SOUTH SUDAN—South Sudan has initiated a statewide polio vaccination program aimed at immunizing 3.1 million children with the innovative oral polio vaccine type 2, which has the ability to prevent future outbreaks of type 2 circulating variant-polio viruses (cVDPV2).

This unique oral polio vaccine type 2 has been intended to give safe and dependable poliovirus protection while also being genetically more stable than prior oral polio vaccine types.

Currently, three mutant poliovirus cases have been verified in three of South Sudan’s ten states: Western Equatoria, Central Equatoria, and Upper Nile.

The reported cases include youngsters under the age of five, and unlike in prior poliovirus outbreaks, the afflicted children did not get polio vaccines.

To control the epidemic and prevent future spread, the Ministry of Health, alongside WHO, UNICEF, and other partners, has formed an emergency response task force to coordinate the response while strengthening surveillance efforts.

 The campaign will target every child under the age of five in all 10 states and three administrative districts around the country.

Currently, social mobilizers are working with communities and key stakeholders to raise awareness about vaccination and encourage participation in the weeklong campaign.

In South Sudan, it is believed that 33% of children have not had poliovirus type 2 vaccinations.

Population migrations and relocations have had an influence on the country’s immunization coverage, making it more difficult to reach the most vulnerable children.

Hon.

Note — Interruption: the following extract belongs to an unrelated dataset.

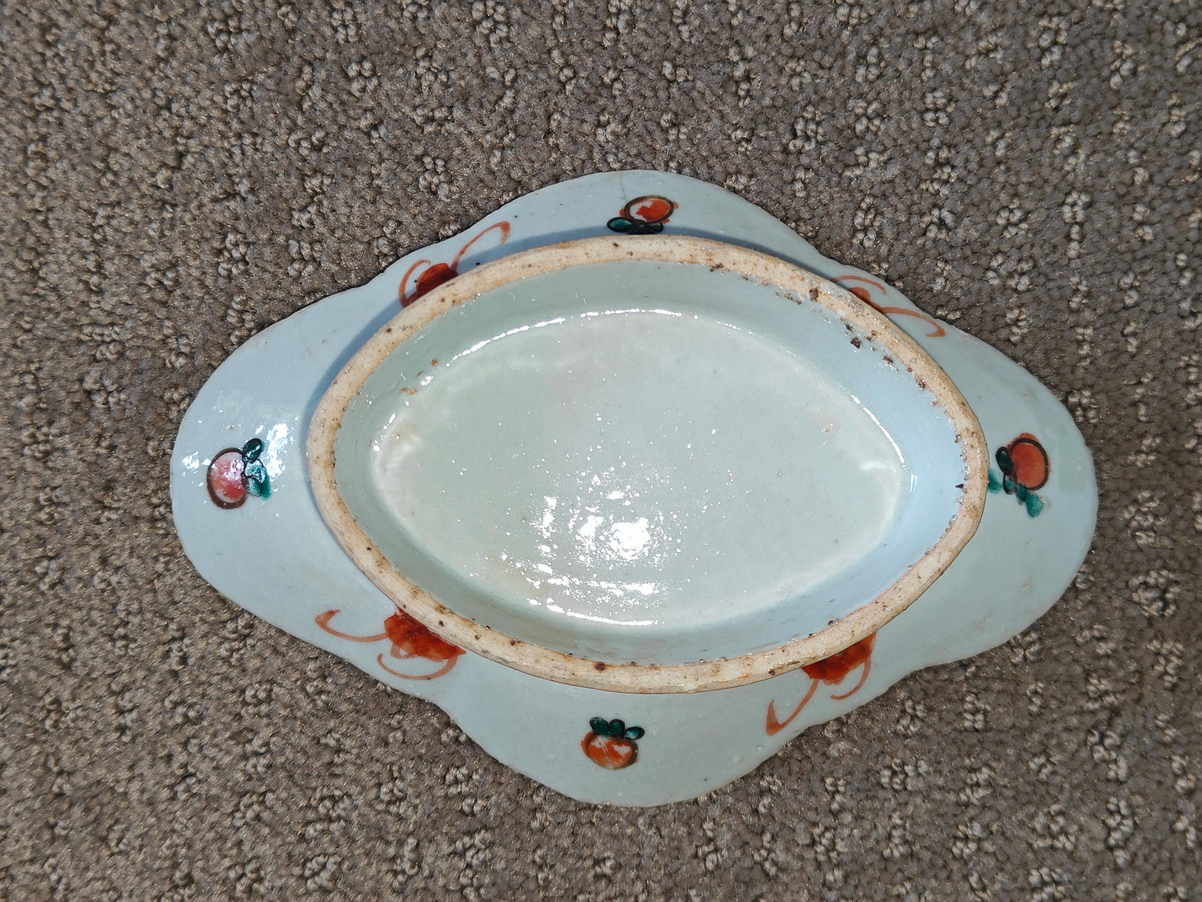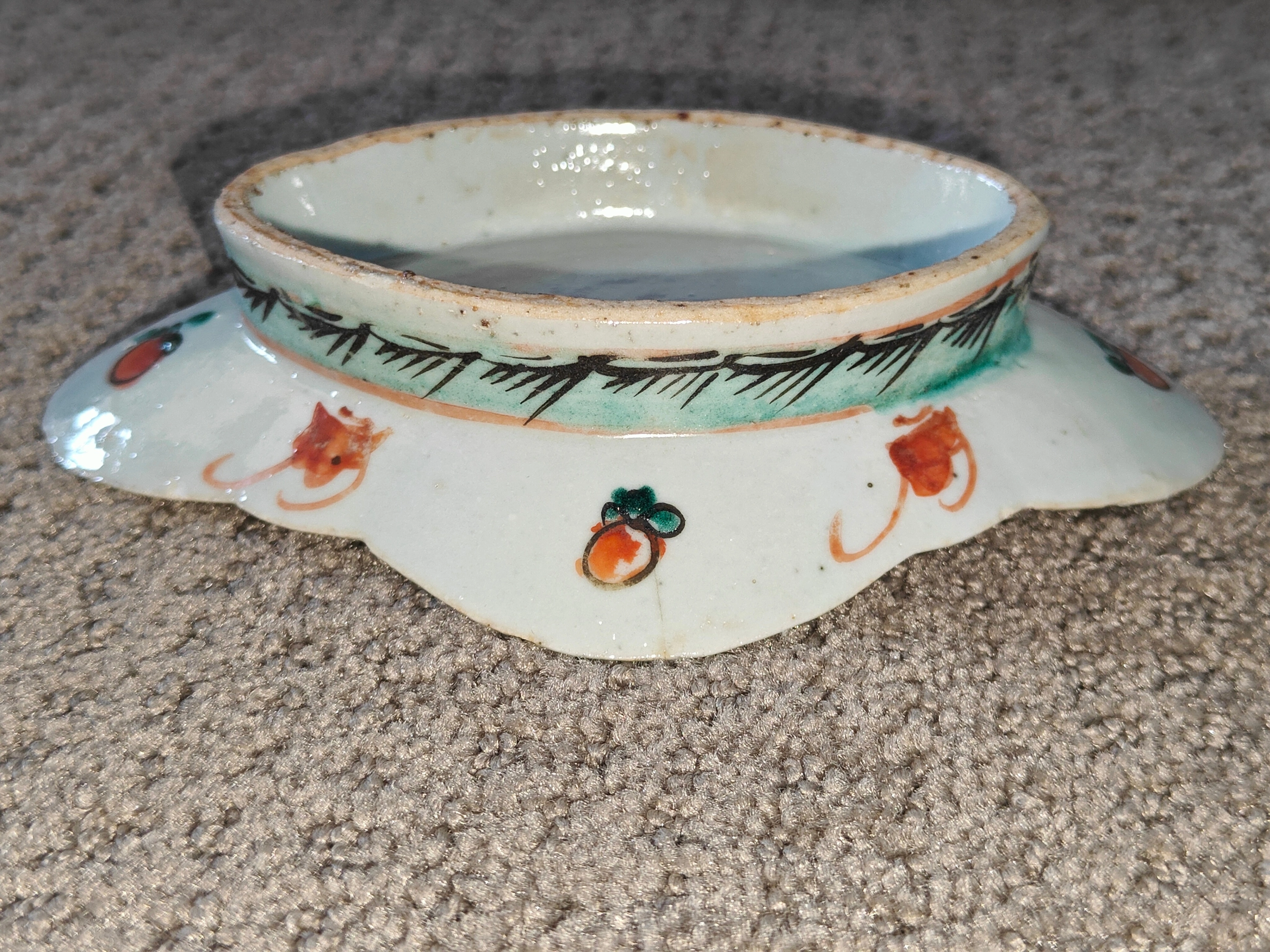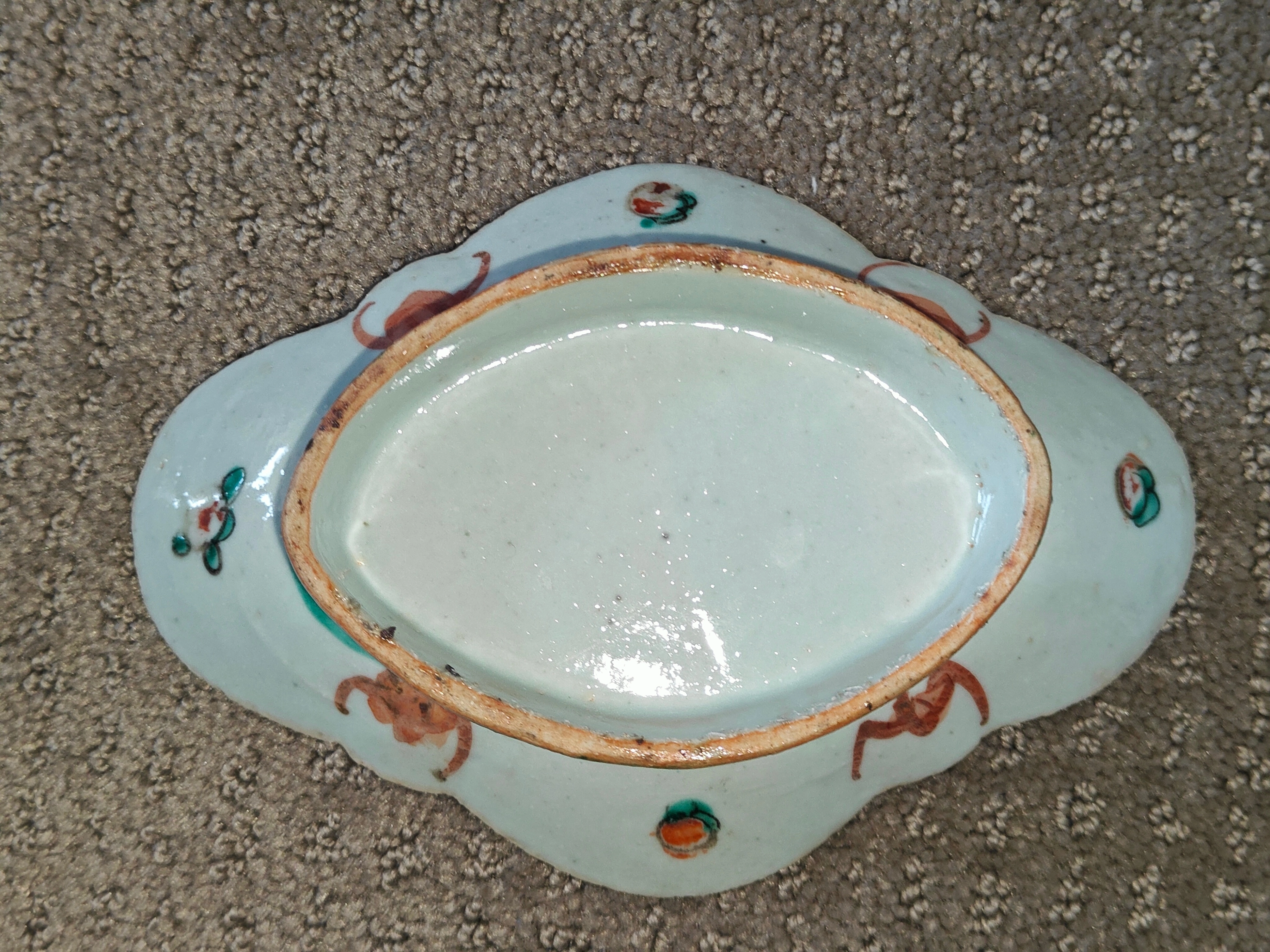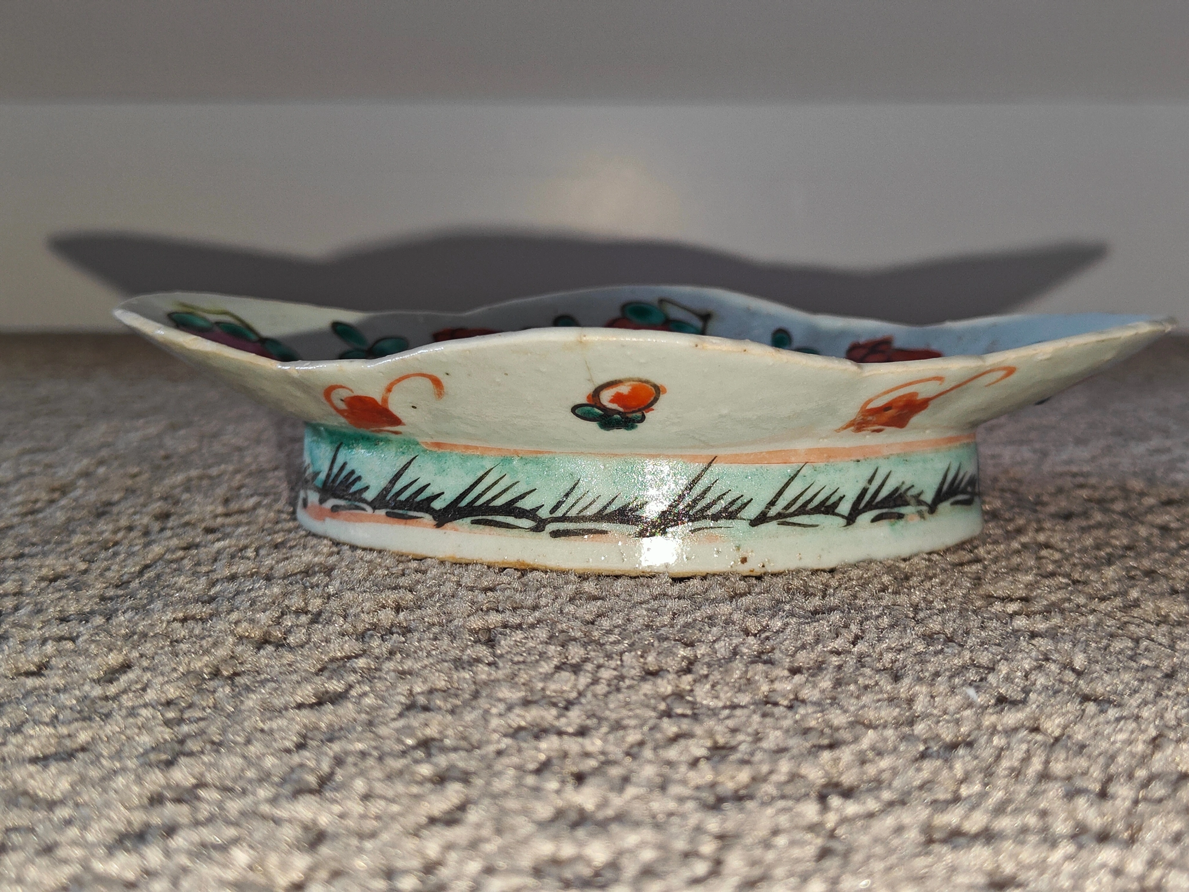 174I am selling a Set of 2 Vintage Chinese Porcelain Hand Crafted and Hand Painted Famille Rose Floral Footed Plates in excellent, antique condition. No cracks or chips. There are tiny pits and dark specks in the glaze and a couple of glaze irregularities, done during the making. We are delighted to present this exquisite set of two vintage Chinese porcelain footed plates, a beautiful representation of the Famille Rose enamel style. These plates are in excellent antique condition with no chips or cracks, showcasing the delicate artistry of hand-painted porcelain from a bygone era. Condition & Provenance: * The plates are in excellent condition for their age. There are no chips or cracks, and the hand-painted enamels remain vibrant. The minor "glaze irregularities" noted are a natural part of the crafting process and do not detract from the beauty of these unique pieces. Exquisite Craftsmanship & Symbolism: * Each plate is a masterpiece of craftsmanship, featuring a vibrant and intricate design. The delicate overglaze enamels, a hallmark of the Famille Rose technique, bring the floral motifs to life. The plates are adorned with a variety of symbolic flowers and fruits: * Cherry Blossoms & Plum Blossoms: These flowers are not only beautiful but also symbolize resilience, purity, and renewal in Chinese culture. * Longevity Peaches: A powerful symbol of immortality and good fortune. * Vibrant Floral Array: An assortment of other lively flowers creates a stunning visual display. The plates have an elegant, scalloped edge and sit on a delicate footed base, a classic design element that adds to their sophistication. The hand-crafted nature of these pieces is evident in the subtle, charming imperfections, such as tiny pits and dark specks in the glaze, which are common in antique porcelain and a testament to their authentic, handmade origin. Dimensions: * Width: 6-7/8" * Length: 4-3/4" * Height: 1-1/4" This set is a perfect addition for any collector of Chinese antiques, Famille Rose porcelain, or anyone seeking to add a touch of timeless elegance and cultural history to their home. These plates are not just decorative items; they are a window into the rich artistic traditions of China. Comes from a pet and smoke-free environment. Pickup in Mount Pleasant (NW Calgary)

Awut Deng Acuil, Minister of General Education and Instruction, stated in his address on behalf of the Minister of Health that immediate action is required to prevent this outbreak from inflicting more harm to children.

He went on to state that in order for the vaccination campaign to be successful, all parents, caregivers, families, religious groups, and communities must ensure that every child under the age of five receives the polio vaccine throughout the campaign.

He also emphasized the need for thorough coverage, stating that each kid missed during the campaign increases the likelihood of future outbreaks, which the Ministry is determined to prevent.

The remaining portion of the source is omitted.